**Records for the exercise**
_ _ _
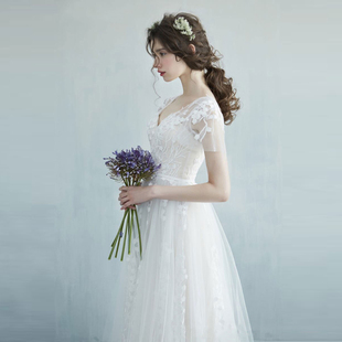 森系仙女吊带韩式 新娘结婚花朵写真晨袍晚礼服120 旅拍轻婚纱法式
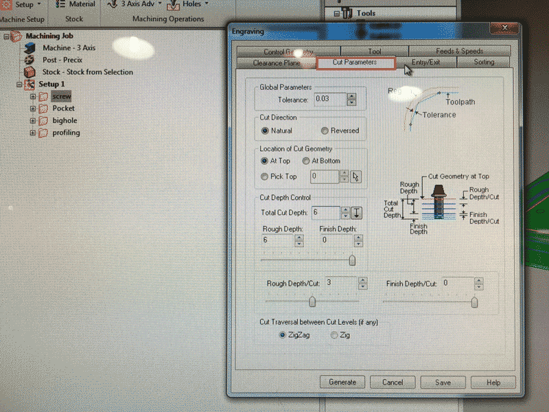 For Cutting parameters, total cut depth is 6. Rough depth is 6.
_ _ _
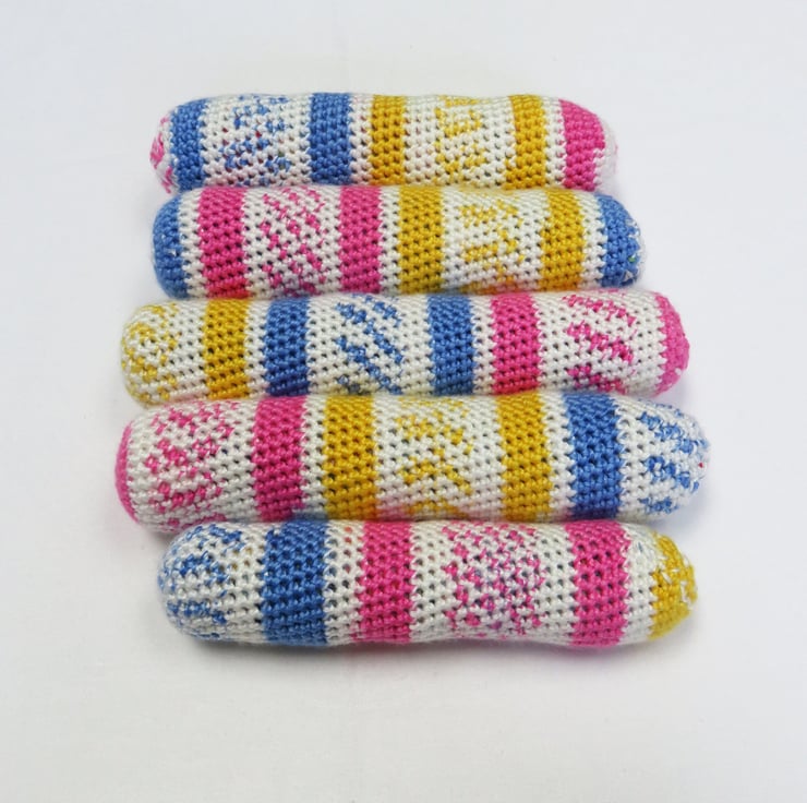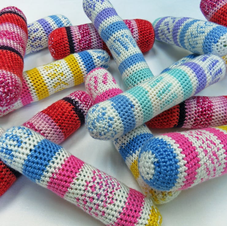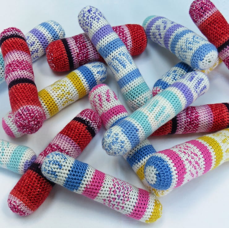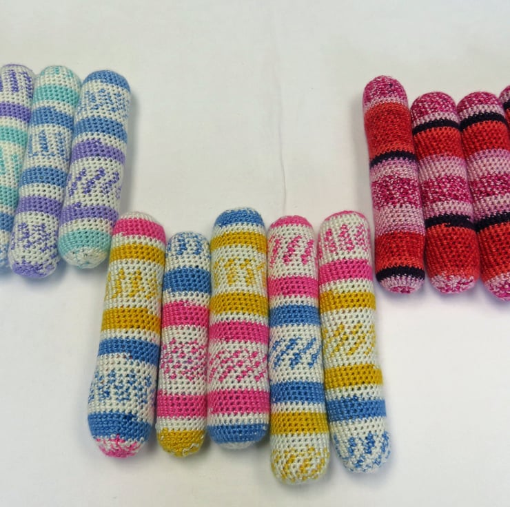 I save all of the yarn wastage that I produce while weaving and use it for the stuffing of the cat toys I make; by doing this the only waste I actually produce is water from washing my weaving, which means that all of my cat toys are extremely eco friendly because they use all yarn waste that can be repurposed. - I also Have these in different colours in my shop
_ _ _
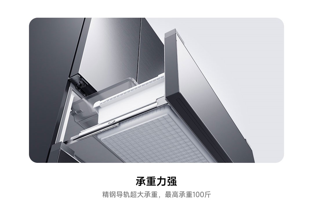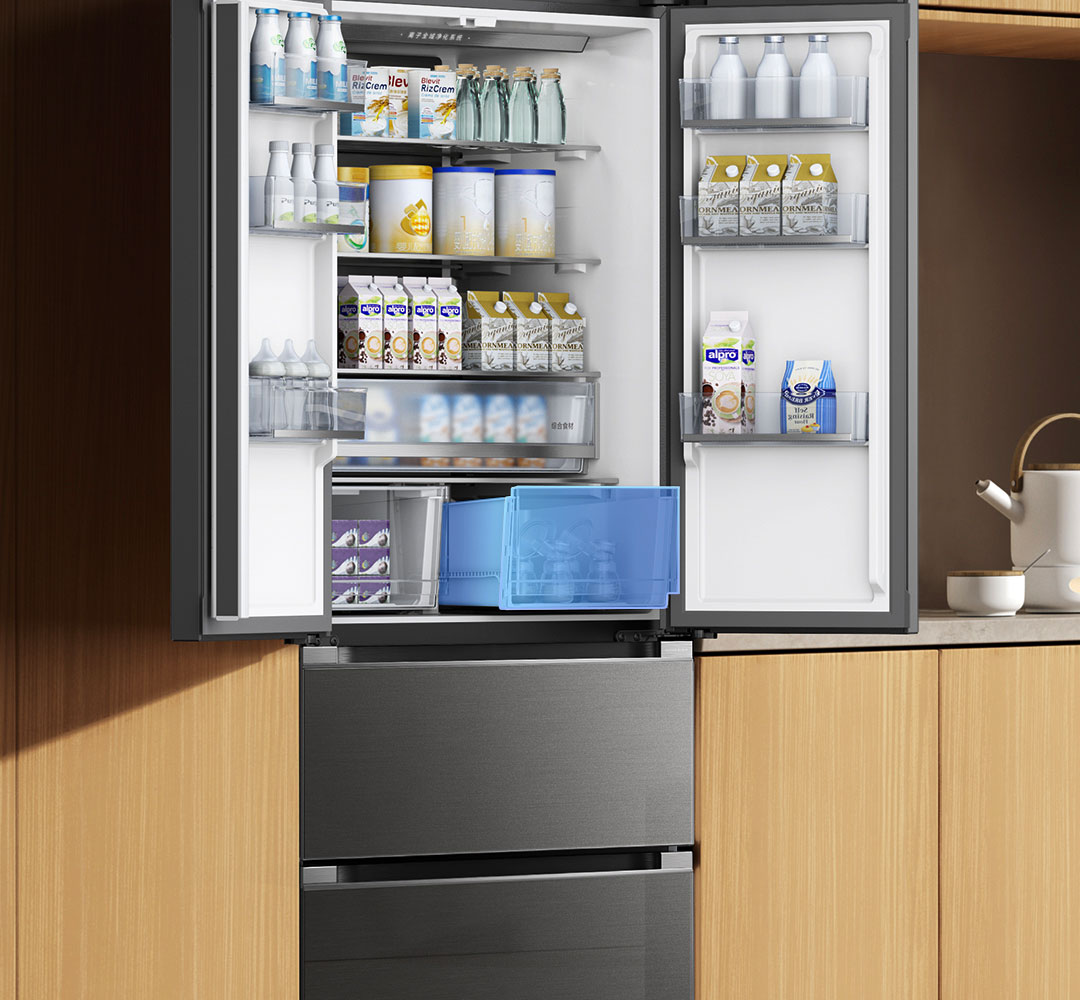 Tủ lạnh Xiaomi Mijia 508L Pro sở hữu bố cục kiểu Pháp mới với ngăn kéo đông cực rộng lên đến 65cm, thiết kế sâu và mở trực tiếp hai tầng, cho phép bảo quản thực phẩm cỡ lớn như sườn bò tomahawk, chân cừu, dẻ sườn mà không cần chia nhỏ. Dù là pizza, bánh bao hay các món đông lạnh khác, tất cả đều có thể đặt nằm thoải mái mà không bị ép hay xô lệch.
_ _ _
**Work task**
Copy nothing but the lines above that run from the one with "森系仙女吊带韩式 新娘结婚花朵写真晨袍晚礼服120 旅拍轻婚纱法式" to the one with "For Cutting parameters, total", ends included; pictures stay out.

**Answer box**
 森系仙女吊带韩式 新娘结婚花朵写真晨袍晚礼服120 旅拍轻婚纱法式
 For Cutting parameters, total cut depth is 6. Rough depth is 6.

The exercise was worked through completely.